AUD/USD bears attack the 0.6600 threshold while refreshing the multi-month low during Thursday’s Asian session. In doing so, the Aussie pair remains inside a falling megaphone trend widening chart pattern amid the risk-off mood.
Given the bearish chart formation and the risk-aversion, as well as the quote’s sustained trading below the 50-SMA, the AUD/USD prices are likely to refresh the 29-month bottom.
In that case, the stated formation’s support line near 0.6550 could challenge the pair bears before directing them to the May 2020 low near 0.6370.
Should the AUD/USD pair remains bearish past 0.6370, the odds of its slump towards the late March 2020 swing high near 0.6215 can’t be ruled out.

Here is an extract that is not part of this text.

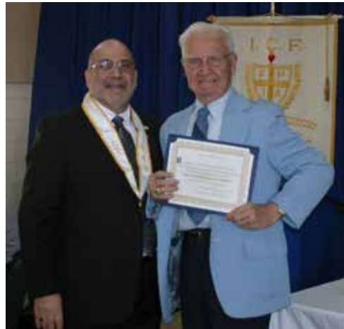
San Fernando Region received a Certificate for 100% Scholarship Participation from the Grand President at the installation.

Alternatively, recovery moves will initially aim for the 50-SMA hurdle surrounding 0.6735 before highlighting the stated bearish chart formation’s upper line, close to 0.6865 at the latest.
Even so, the monthly high near 0.6915 and the 0.7000 psychological magnet could challenge the Aussie pair’s further upside before giving control to the bulls.